"Ain't I tellin' you? She isn't there. She never got away from the other station. And that's clean behind the German lines now!"

CHAPTER XVIII

PERILS INCREASE

Jacob, Belinda's self-appointed helper, aroused the girl from the spell of fear under which she had fallen at sight of Doctor Herschall.

"Poor Ernest is suffering greatly, Fräulein," he said. "These boys! They should be at home with their mothers. It matters not so much that war takes us old fellows. It is crueler to the young."

The girl, recalled to her duty, hurried to the side of the lad. Ernest was not a patient youth. His disregard of her orders had brought on this attack of pneumonia that the doctor had now successfully combatted.

He was querulous and by his exactions made it difficult for the nurse to attend properly the other serious cases left in her charge. It was not in Belinda's nature to be unkind, or even brusque. She could only be patient and faithful.
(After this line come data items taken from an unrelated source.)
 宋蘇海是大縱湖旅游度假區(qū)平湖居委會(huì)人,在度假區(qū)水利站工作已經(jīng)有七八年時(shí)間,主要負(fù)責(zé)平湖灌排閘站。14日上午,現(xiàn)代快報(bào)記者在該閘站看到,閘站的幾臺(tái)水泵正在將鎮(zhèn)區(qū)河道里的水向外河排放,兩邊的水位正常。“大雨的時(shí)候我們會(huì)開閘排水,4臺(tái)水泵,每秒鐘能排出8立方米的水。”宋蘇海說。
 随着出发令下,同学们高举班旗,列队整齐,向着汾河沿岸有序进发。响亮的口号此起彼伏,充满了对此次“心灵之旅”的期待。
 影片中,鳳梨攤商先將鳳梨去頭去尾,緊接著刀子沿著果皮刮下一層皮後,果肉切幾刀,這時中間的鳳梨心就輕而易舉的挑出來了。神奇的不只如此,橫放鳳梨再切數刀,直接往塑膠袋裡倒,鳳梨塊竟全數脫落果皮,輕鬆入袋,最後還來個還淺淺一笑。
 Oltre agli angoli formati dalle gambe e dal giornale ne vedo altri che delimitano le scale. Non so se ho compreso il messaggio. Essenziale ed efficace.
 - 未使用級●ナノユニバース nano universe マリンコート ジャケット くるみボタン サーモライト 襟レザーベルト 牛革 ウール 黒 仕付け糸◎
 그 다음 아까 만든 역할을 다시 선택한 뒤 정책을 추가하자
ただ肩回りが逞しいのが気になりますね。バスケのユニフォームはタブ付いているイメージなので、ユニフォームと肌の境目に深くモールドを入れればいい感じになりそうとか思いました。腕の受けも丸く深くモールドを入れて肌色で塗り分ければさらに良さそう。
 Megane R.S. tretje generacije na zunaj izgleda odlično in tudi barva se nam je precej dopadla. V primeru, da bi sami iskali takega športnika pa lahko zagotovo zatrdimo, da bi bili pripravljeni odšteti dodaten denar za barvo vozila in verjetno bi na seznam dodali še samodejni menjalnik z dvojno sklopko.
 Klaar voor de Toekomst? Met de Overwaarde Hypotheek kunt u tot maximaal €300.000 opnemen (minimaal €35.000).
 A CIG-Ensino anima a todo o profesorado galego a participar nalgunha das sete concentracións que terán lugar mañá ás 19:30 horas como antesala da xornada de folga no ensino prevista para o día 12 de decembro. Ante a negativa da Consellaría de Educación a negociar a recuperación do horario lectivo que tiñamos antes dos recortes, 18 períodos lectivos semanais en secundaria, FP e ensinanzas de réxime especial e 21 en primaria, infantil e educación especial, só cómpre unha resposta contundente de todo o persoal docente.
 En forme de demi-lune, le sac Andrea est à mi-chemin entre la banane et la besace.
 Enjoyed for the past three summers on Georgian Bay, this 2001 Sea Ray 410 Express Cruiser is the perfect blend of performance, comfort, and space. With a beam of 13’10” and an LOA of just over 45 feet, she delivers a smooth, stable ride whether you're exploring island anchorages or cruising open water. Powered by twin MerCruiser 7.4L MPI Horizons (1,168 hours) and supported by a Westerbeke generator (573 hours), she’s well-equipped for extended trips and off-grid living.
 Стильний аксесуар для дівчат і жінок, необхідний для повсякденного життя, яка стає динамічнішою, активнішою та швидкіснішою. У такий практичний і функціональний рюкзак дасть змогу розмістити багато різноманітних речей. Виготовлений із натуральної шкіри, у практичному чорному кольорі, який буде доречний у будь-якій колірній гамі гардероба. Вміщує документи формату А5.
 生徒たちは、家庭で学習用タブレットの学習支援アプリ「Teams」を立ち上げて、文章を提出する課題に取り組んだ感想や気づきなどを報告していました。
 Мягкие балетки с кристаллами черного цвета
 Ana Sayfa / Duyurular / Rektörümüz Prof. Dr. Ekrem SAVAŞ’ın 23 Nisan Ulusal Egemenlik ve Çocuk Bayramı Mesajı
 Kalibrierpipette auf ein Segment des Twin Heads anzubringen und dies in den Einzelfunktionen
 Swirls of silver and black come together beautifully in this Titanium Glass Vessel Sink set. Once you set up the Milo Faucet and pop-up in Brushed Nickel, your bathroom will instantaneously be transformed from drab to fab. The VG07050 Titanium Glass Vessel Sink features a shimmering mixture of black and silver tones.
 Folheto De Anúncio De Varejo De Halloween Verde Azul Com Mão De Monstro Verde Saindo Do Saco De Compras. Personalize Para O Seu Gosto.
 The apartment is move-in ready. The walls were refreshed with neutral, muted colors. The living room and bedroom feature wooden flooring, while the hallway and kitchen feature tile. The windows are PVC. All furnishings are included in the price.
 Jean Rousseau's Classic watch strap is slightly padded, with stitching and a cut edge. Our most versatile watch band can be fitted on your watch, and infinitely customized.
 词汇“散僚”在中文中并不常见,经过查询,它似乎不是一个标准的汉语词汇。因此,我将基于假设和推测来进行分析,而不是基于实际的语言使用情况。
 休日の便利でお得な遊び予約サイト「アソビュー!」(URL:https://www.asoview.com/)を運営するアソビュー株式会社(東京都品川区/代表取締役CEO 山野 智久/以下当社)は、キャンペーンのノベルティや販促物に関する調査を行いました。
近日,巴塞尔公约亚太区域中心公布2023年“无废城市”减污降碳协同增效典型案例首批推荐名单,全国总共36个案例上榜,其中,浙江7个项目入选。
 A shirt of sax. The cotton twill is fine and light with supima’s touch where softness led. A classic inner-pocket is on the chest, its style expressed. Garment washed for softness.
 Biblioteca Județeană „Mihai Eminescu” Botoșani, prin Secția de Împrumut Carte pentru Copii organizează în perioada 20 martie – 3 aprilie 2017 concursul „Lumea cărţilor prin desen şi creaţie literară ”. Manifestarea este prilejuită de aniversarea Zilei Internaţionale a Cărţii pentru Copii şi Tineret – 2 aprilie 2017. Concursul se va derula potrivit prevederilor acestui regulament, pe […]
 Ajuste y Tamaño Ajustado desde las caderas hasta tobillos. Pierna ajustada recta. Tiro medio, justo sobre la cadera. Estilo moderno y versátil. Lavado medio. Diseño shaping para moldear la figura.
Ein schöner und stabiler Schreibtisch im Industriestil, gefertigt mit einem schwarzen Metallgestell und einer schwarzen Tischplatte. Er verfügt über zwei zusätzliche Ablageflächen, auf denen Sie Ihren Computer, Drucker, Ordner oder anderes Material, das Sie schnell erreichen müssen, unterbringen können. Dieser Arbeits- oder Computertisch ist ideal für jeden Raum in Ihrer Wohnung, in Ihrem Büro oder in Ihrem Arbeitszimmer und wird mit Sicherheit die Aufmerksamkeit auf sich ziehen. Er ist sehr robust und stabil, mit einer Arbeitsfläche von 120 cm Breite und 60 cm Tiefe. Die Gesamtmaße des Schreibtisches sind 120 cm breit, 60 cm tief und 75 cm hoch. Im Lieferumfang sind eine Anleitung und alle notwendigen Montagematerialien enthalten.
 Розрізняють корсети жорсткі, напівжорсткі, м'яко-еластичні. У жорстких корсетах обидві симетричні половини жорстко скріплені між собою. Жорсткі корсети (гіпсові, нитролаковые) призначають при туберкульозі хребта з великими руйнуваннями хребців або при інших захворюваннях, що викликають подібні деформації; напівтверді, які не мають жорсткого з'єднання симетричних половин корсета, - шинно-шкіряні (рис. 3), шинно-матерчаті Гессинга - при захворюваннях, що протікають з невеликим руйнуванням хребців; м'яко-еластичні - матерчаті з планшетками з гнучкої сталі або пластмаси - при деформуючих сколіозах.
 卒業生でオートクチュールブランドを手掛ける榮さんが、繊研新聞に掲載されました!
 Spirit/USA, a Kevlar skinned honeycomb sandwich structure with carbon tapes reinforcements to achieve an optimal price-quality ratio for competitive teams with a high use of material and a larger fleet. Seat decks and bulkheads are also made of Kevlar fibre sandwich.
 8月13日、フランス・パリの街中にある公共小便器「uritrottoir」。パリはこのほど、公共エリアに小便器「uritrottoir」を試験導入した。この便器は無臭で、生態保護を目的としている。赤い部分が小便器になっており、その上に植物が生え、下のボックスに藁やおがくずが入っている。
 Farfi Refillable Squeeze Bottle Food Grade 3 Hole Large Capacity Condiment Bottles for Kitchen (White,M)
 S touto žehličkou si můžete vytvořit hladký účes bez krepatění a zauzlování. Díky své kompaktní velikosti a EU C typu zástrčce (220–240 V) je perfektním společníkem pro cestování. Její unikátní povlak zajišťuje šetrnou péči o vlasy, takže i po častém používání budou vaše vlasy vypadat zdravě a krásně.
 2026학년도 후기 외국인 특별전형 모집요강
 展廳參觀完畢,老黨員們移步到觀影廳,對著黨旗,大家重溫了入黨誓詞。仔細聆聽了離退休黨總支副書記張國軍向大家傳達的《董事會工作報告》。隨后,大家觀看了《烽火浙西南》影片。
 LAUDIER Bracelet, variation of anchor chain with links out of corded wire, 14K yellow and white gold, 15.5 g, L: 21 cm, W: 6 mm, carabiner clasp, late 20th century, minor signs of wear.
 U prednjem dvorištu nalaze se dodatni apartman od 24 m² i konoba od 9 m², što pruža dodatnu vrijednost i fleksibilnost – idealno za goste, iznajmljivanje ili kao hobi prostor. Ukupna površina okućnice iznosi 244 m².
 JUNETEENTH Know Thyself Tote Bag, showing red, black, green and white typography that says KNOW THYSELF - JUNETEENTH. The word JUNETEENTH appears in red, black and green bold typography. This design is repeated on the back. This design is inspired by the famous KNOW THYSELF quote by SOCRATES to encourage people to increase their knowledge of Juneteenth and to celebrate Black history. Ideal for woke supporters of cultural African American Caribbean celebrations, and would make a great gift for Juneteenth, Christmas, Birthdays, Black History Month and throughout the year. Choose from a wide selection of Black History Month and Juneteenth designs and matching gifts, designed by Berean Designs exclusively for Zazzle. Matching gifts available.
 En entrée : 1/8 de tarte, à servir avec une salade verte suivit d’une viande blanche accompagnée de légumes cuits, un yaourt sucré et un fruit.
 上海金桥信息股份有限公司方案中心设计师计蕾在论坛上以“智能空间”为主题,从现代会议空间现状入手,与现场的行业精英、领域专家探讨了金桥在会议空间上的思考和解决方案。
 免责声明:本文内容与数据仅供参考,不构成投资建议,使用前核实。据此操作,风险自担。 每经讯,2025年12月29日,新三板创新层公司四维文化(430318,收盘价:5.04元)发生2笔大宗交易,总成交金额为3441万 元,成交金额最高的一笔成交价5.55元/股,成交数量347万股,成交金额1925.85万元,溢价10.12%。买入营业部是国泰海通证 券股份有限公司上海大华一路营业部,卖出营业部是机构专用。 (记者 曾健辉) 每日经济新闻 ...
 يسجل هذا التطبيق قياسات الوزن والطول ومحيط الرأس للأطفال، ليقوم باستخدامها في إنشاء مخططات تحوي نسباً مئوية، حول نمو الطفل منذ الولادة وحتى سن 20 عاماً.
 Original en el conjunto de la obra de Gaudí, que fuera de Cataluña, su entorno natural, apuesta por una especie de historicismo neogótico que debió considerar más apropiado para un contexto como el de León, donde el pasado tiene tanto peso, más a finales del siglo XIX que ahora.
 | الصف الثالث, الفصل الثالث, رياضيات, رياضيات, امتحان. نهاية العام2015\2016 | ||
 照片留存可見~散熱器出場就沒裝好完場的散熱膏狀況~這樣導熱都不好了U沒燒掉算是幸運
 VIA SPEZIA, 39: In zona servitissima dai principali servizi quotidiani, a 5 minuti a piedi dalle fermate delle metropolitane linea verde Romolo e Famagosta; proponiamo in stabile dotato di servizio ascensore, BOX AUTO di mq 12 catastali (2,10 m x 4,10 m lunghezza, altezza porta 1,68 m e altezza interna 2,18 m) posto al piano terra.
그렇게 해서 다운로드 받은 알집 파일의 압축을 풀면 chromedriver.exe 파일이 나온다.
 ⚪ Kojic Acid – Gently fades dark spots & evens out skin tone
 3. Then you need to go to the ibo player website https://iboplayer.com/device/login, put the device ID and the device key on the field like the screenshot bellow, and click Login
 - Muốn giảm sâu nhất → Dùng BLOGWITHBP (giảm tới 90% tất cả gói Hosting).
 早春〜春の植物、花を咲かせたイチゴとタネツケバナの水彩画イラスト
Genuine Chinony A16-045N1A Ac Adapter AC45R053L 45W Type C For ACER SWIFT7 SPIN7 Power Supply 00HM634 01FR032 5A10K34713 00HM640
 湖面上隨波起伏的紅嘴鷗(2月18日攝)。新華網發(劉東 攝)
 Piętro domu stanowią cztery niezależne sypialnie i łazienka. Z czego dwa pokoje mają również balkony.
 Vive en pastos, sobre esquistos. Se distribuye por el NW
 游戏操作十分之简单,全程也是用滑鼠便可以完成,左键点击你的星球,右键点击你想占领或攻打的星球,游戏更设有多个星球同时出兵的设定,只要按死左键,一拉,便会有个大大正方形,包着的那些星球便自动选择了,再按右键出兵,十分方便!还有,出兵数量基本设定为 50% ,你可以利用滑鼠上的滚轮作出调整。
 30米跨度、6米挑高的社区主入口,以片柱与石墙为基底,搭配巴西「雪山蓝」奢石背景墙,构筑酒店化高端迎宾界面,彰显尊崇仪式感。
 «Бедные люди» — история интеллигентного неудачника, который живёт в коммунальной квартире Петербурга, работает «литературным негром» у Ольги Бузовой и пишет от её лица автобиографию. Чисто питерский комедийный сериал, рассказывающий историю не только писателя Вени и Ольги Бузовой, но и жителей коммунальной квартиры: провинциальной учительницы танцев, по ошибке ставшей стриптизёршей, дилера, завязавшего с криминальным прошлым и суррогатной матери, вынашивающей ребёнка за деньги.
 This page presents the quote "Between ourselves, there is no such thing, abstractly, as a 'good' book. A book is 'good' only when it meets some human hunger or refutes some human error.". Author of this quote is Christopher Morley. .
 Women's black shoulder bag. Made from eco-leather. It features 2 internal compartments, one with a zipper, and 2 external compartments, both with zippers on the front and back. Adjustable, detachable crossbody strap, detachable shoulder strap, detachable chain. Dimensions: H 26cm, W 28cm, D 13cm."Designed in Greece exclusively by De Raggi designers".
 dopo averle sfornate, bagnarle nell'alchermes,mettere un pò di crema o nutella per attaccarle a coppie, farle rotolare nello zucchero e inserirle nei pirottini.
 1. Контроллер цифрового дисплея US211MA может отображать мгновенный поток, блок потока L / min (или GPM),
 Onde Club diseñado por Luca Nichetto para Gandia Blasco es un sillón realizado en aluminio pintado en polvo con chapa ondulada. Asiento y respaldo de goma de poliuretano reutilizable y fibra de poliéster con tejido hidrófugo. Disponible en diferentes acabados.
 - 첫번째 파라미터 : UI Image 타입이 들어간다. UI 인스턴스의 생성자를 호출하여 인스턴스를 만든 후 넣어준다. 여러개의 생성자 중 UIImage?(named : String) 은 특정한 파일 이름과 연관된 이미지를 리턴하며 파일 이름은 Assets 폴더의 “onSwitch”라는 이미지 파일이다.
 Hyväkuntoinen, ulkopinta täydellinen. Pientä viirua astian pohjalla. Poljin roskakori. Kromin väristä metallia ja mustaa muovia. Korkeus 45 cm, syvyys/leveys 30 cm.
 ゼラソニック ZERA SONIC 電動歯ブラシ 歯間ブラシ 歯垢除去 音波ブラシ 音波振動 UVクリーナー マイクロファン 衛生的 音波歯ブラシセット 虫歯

Meanwhile she sensed rather than saw the neatly fitted cog-wheels of the Prussian system begin to revolve in this newly established station of its hospital service—and revolve without a hitch. Discipline was the keynote and within an hour of the Herr Doktor's arrival one would scarcely have believed this was but a recently occupied base.

The Red Cross is the Red Cross everywhere; but in Germany at the present time it is almost entirely merged in the military branch of the government.

On Belinda Melnotte's part it took at first much fortitude for her to go about her usual tasks. The presence of Doctor Herschall at this hospital seemed almost unbelievable; though from Sue Blaine's letter she knew he must be somewhere on the battle front.